Please return only the lines from the one holding "Material Principal: Madeira" through the one holding "Rótulo Mini M&M", exactly as they appear in the records below, both ends included.

BEGIN Records for this task

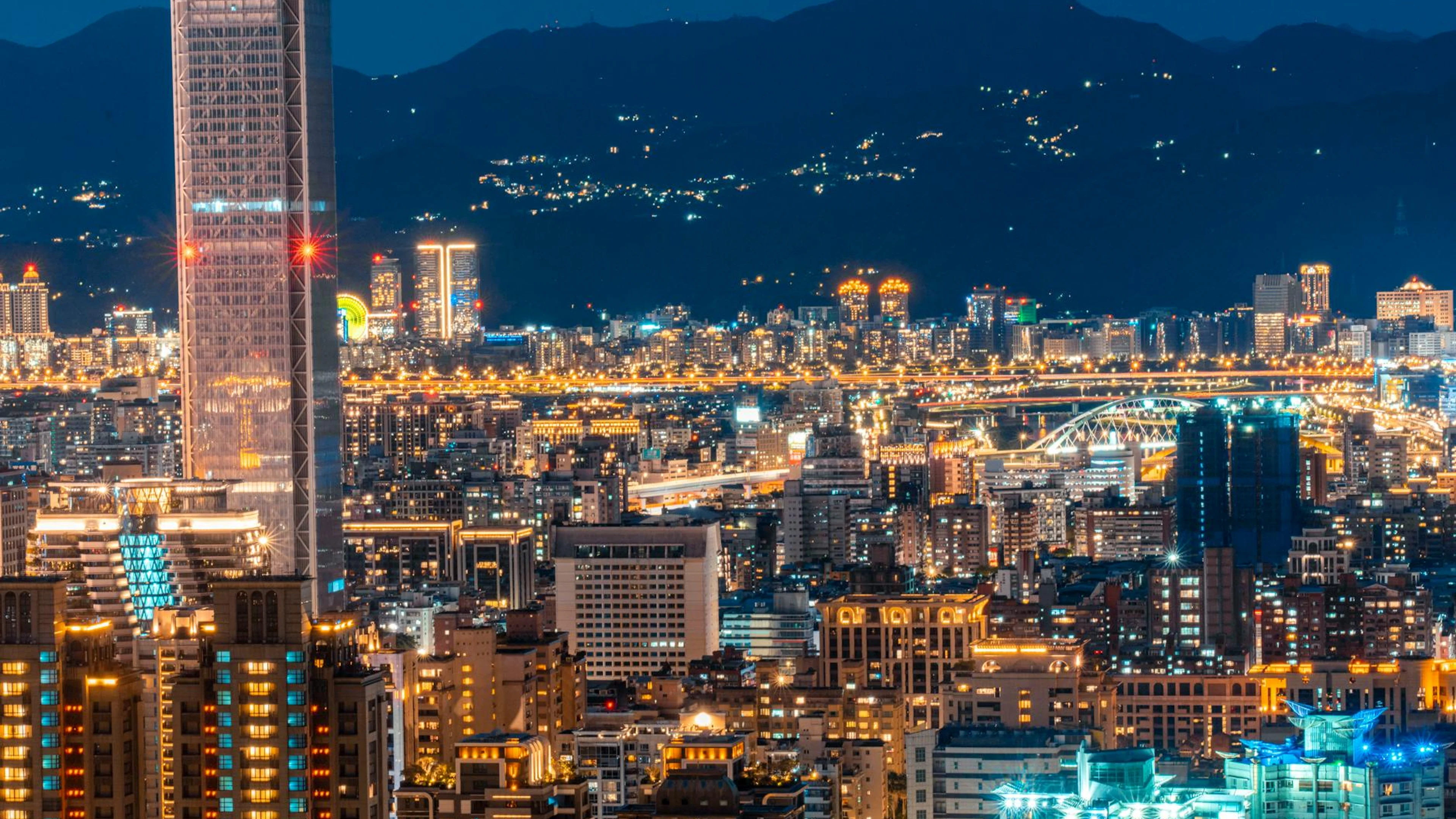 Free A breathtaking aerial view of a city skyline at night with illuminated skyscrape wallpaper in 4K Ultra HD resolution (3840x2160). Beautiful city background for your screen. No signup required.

END Records for this task
BEGIN Records for this task

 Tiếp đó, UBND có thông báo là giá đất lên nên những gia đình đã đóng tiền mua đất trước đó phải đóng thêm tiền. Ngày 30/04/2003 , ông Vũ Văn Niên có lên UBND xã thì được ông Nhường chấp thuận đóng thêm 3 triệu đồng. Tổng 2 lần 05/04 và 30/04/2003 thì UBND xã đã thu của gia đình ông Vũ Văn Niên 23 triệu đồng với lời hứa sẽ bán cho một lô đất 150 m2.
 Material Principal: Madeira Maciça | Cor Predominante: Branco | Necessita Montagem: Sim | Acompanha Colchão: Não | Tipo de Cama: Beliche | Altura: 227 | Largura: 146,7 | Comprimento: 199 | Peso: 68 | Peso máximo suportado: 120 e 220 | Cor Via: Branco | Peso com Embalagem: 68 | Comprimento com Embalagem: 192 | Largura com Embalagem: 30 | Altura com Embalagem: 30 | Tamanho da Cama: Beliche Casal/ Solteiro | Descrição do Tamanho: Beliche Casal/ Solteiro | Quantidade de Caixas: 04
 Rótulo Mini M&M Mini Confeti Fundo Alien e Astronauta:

END Records for this task

▶ **Task solution**
 Material Principal: Madeira Maciça | Cor Predominante: Branco | Necessita Montagem: Sim | Acompanha Colchão: Não | Tipo de Cama: Beliche | Altura: 227 | Largura: 146,7 | Comprimento: 199 | Peso: 68 | Peso máximo suportado: 120 e 220 | Cor Via: Branco | Peso com Embalagem: 68 | Comprimento com Embalagem: 192 | Largura com Embalagem: 30 | Altura com Embalagem: 30 | Tamanho da Cama: Beliche Casal/ Solteiro | Descrição do Tamanho: Beliche Casal/ Solteiro | Quantidade de Caixas: 04
 Rótulo Mini M&M Mini Confeti Fundo Alien e Astronauta:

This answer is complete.